_Problem details_
For every line in the material, output its text exactly and exclude any image it holds.

_Data shown_
.....

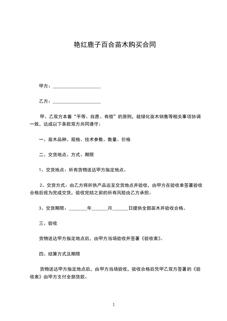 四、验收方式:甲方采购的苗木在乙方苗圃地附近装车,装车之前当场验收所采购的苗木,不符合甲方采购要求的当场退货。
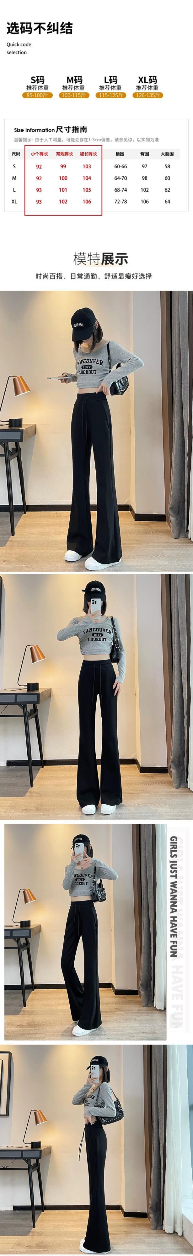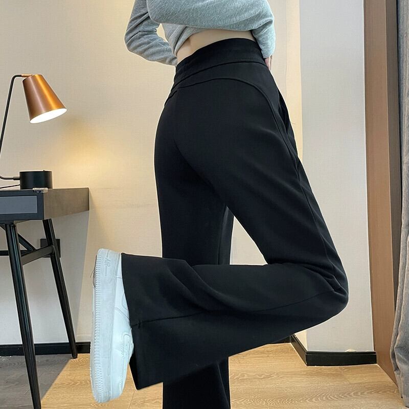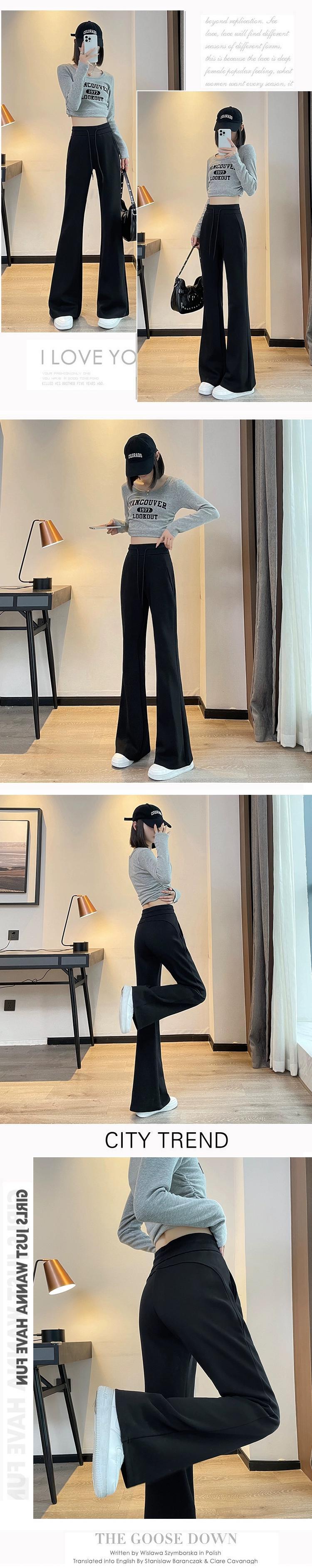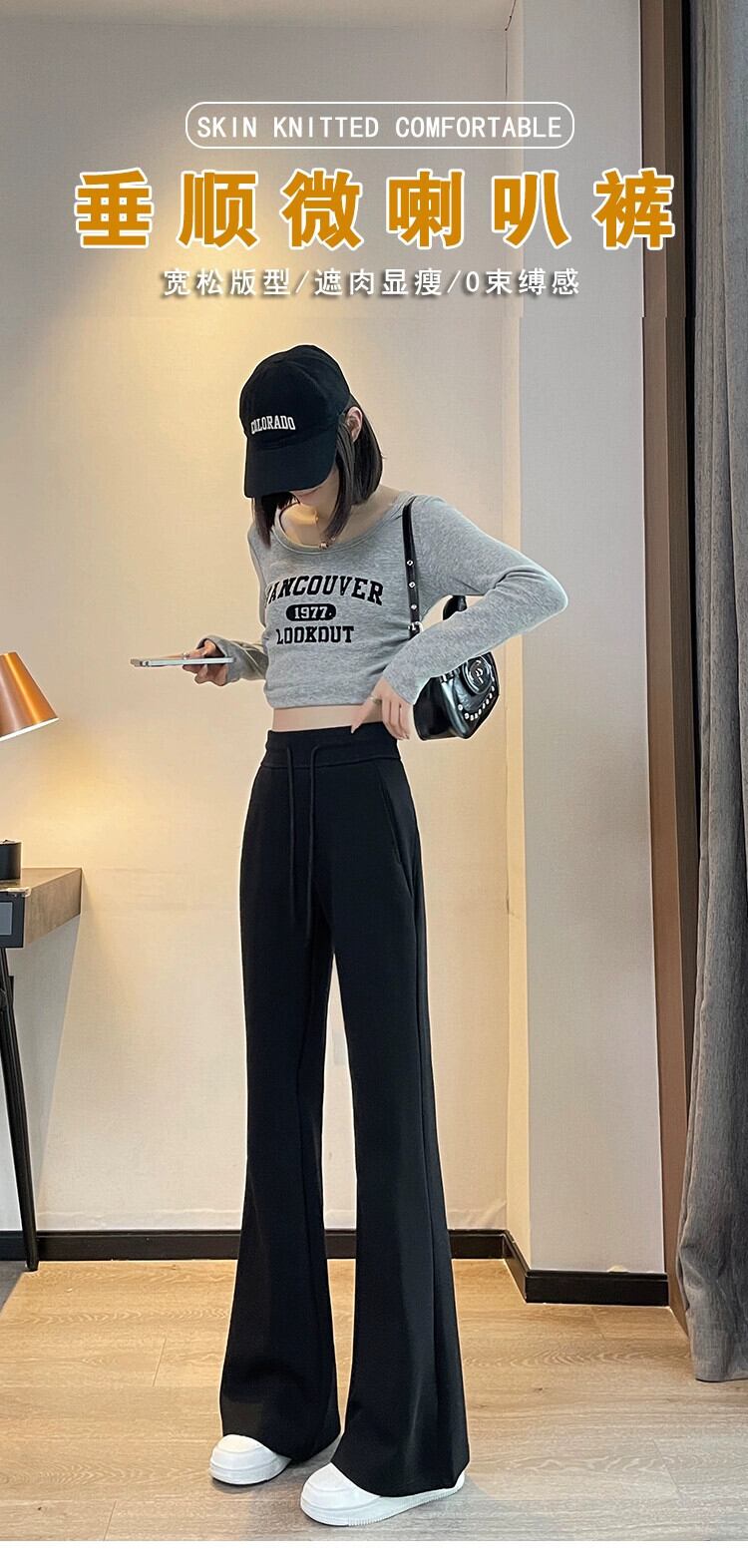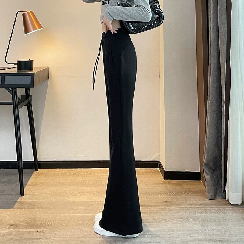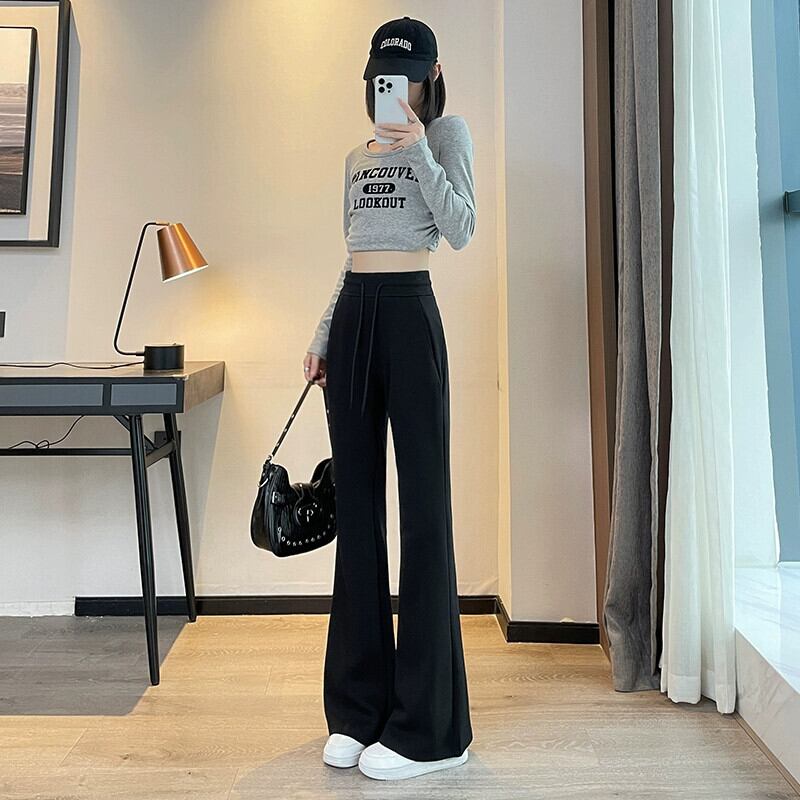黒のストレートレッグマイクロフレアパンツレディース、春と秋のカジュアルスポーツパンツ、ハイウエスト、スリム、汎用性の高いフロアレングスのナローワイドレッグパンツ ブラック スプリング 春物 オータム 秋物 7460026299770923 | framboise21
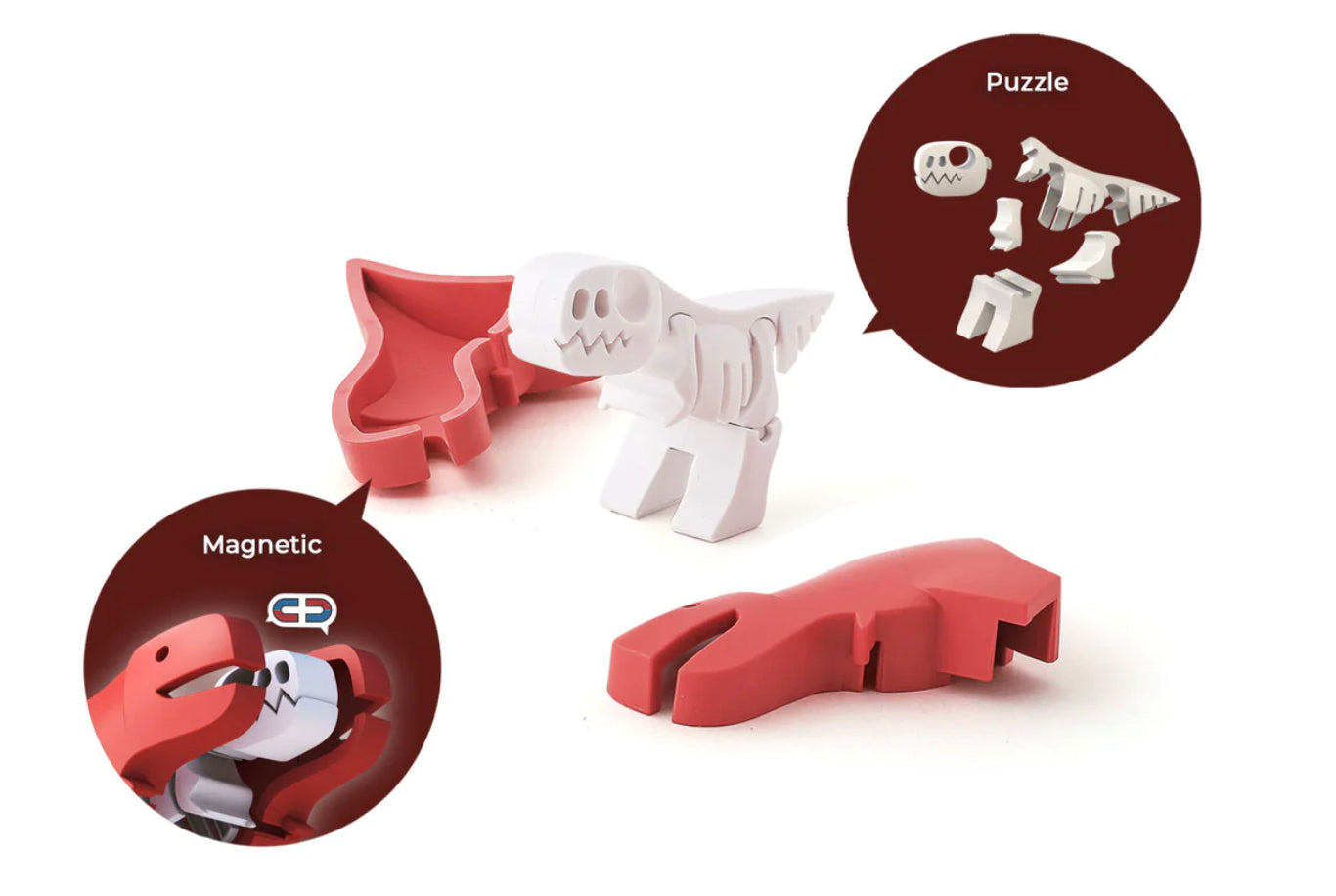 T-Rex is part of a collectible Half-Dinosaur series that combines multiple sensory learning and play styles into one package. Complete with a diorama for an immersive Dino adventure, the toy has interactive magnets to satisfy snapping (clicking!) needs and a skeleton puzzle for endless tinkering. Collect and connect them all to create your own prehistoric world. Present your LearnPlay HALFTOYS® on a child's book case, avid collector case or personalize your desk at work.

.....

_Task result_
 四、验收方式:甲方采购的苗木在乙方苗圃地附近装车,装车之前当场验收所采购的苗木,不符合甲方采购要求的当场退货。
黒のストレートレッグマイクロフレアパンツレディース、春と秋のカジュアルスポーツパンツ、ハイウエスト、スリム、汎用性の高いフロアレングスのナローワイドレッグパンツ ブラック スプリング 春物 オータム 秋物 7460026299770923 | framboise21
 T-Rex is part of a collectible Half-Dinosaur series that combines multiple sensory learning and play styles into one package. Complete with a diorama for an immersive Dino adventure, the toy has interactive magnets to satisfy snapping (clicking!) needs and a skeleton puzzle for endless tinkering. Collect and connect them all to create your own prehistoric world. Present your LearnPlay HALFTOYS® on a child's book case, avid collector case or personalize your desk at work.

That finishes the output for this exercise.